ASSIGNMENT: Give the whole listing below once more, exactly, without pictures.

DATASET EXTRACT:
= Beginning of Section =

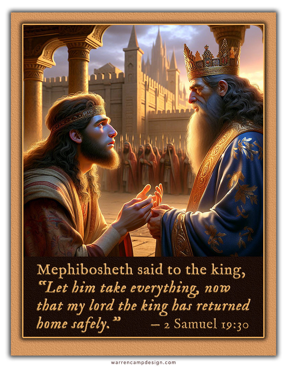 Mephibosheth said to the king, “Let him take everything, now that my lord the king has returned home safely” (2 Sam. 19:30)
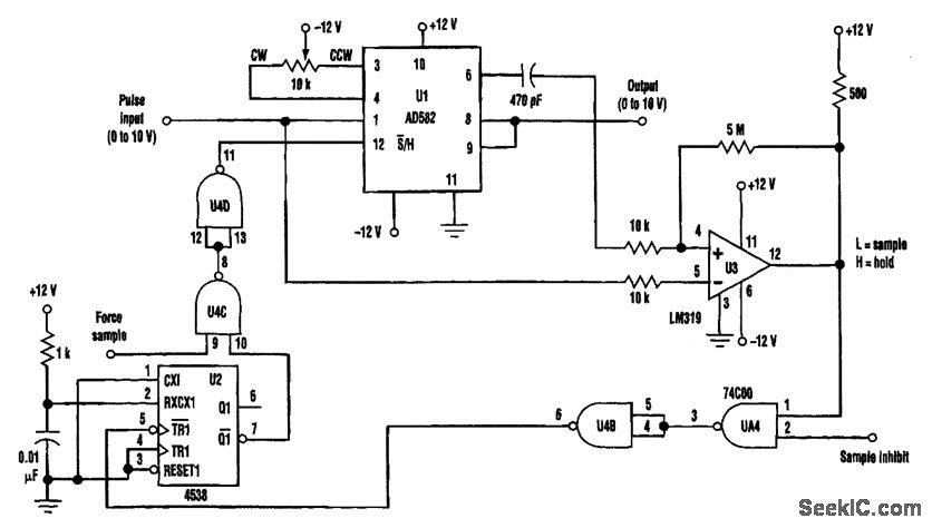 The input pulse is fed into the sample-and-hold amplifier (an inexpensive AD582), as well as the comparator U3. The SHA's output also is fed into the comparator. If the input pulse is higher in am-plitude than the SHA's output, the comparator output goes low and the 4538 one-shot produces a l0-ps pulse that is fed back to cause the SHA to sample and then hold the voltage. Subsequent input voltages that are less than the held value won't cause the one-shot to fire again.Gates U4A and U4B are used to inhibit the sampling when necessary. Gates U4C and U4D, at the one-shot's output, can force the AD 582 into the sample mode. This feature is useful to reset the output to zero by forcing a sample when the input to the AD582 is zero. The polarity of the peak-hold circuit can be easily changed from positive-to-negative peak hold by reversing the inputs of the comparator.
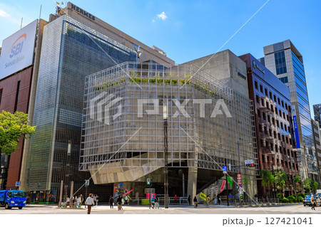 東京 中央区 銀座 数寄屋橋 交差点付近の都市風景 Ginza Sony Parkと東急プラザ銀座
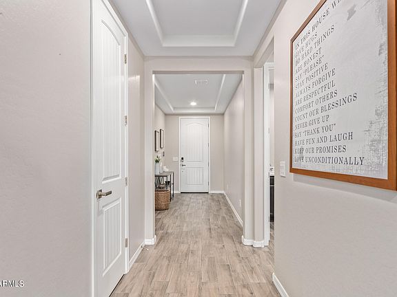 Welcome to your stunning new home in Litchfield Park! This beautiful 4 bedrooms, 3 bathrooms, split floor-plan home is situated on a private lot with no neighbors behind, offering peace and privacy. The 3-car tandem garage provides ample space for your vehicles and storage needs. The home is located in an area with A-rated schools and is only 15 minutes from Luke Airforce Base. Built in 2020, this home is almost new and features many modern amenities. The wood plank ceramic tile adds a touch of elegance to the living areas, and the gourmet kitchen is perfect for the home chef. The kitchen boasts a gas range, wall oven and microwave, gorgeous slab granite countertops, and a huge kitchen island with plenty of seating. The 42-inch cabinets offer ample storage space for all of your kitchen essentials. The resort-style backyard is perfect for entertaining, featuring travertine pavers, a gas heated pool with a Baja deck, a Ramada with a gas fire pit, and no maintenance turf. The master bedroom is a true retreat with an oversized shower and a spacious walk-in closet. Don't miss out on the opportunity to make this beautiful home your own!
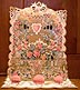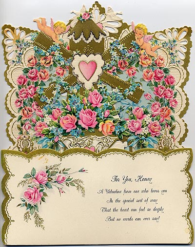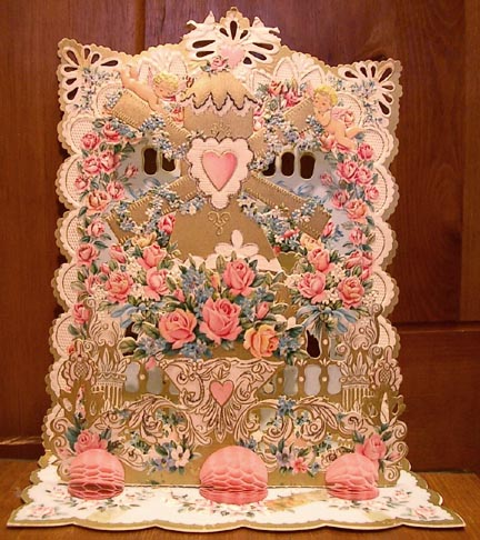 Item# VAL238: VERY LARGE EMBOSSED PULLDOWN VALENTINE. . This is the "youngest" valentine on the site, but we included it because it is so lovely. Winged cupids hover at a golden windmill on this three-layer flower-bedecked card, with not one, but THREE pink honeycombs at the bottom. Here's a picture of it CLOSED. It's 9 1/2 inches high and 7 1/2 inches wide. Small amount of foxing here and there. Otherwise, excelllent condition. Signed "Charles 1968" on the back. A Hallmark card, made in USA . $10.00.
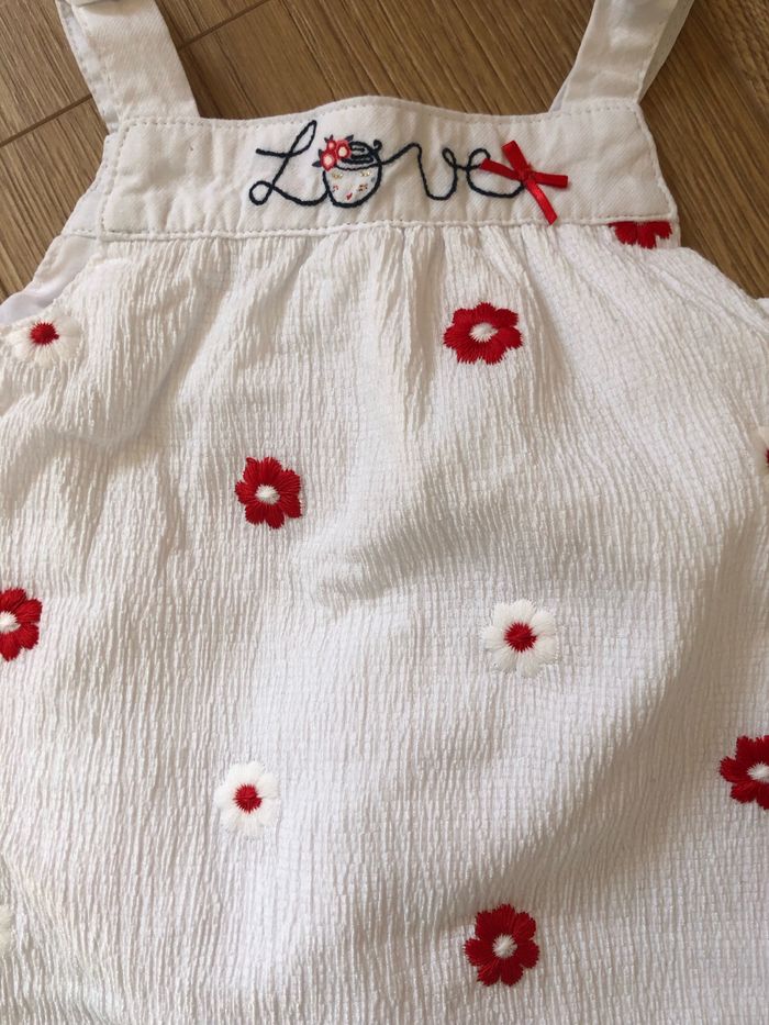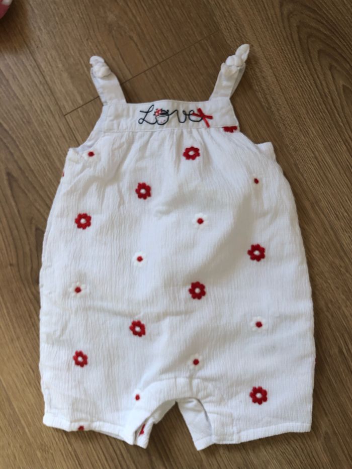 Neuve et jamais portée, juste lavé une fois Barboteuse blanche a fleurs brodées Pressions à l’entre jambe Taille 3 mois -60 cm

= End of Section =

OUTPUT BELOW:
 Mephibosheth said to the king, “Let him take everything, now that my lord the king has returned home safely” (2 Sam. 19:30)
 The input pulse is fed into the sample-and-hold amplifier (an inexpensive AD582), as well as the comparator U3. The SHA's output also is fed into the comparator. If the input pulse is higher in am-plitude than the SHA's output, the comparator output goes low and the 4538 one-shot produces a l0-ps pulse that is fed back to cause the SHA to sample and then hold the voltage. Subsequent input voltages that are less than the held value won't cause the one-shot to fire again.Gates U4A and U4B are used to inhibit the sampling when necessary. Gates U4C and U4D, at the one-shot's output, can force the AD 582 into the sample mode. This feature is useful to reset the output to zero by forcing a sample when the input to the AD582 is zero. The polarity of the peak-hold circuit can be easily changed from positive-to-negative peak hold by reversing the inputs of the comparator.
 東京 中央区 銀座 数寄屋橋 交差点付近の都市風景 Ginza Sony Parkと東急プラザ銀座
 Welcome to your stunning new home in Litchfield Park! This beautiful 4 bedrooms, 3 bathrooms, split floor-plan home is situated on a private lot with no neighbors behind, offering peace and privacy. The 3-car tandem garage provides ample space for your vehicles and storage needs. The home is located in an area with A-rated schools and is only 15 minutes from Luke Airforce Base. Built in 2020, this home is almost new and features many modern amenities. The wood plank ceramic tile adds a touch of elegance to the living areas, and the gourmet kitchen is perfect for the home chef. The kitchen boasts a gas range, wall oven and microwave, gorgeous slab granite countertops, and a huge kitchen island with plenty of seating. The 42-inch cabinets offer ample storage space for all of your kitchen essentials. The resort-style backyard is perfect for entertaining, featuring travertine pavers, a gas heated pool with a Baja deck, a Ramada with a gas fire pit, and no maintenance turf. The master bedroom is a true retreat with an oversized shower and a spacious walk-in closet. Don't miss out on the opportunity to make this beautiful home your own!
 Item# VAL238: VERY LARGE EMBOSSED PULLDOWN VALENTINE. . This is the "youngest" valentine on the site, but we included it because it is so lovely. Winged cupids hover at a golden windmill on this three-layer flower-bedecked card, with not one, but THREE pink honeycombs at the bottom. Here's a picture of it CLOSED. It's 9 1/2 inches high and 7 1/2 inches wide. Small amount of foxing here and there. Otherwise, excelllent condition. Signed "Charles 1968" on the back. A Hallmark card, made in USA . $10.00.
 Neuve et jamais portée, juste lavé une fois Barboteuse blanche a fleurs brodées Pressions à l’entre jambe Taille 3 mois -60 cm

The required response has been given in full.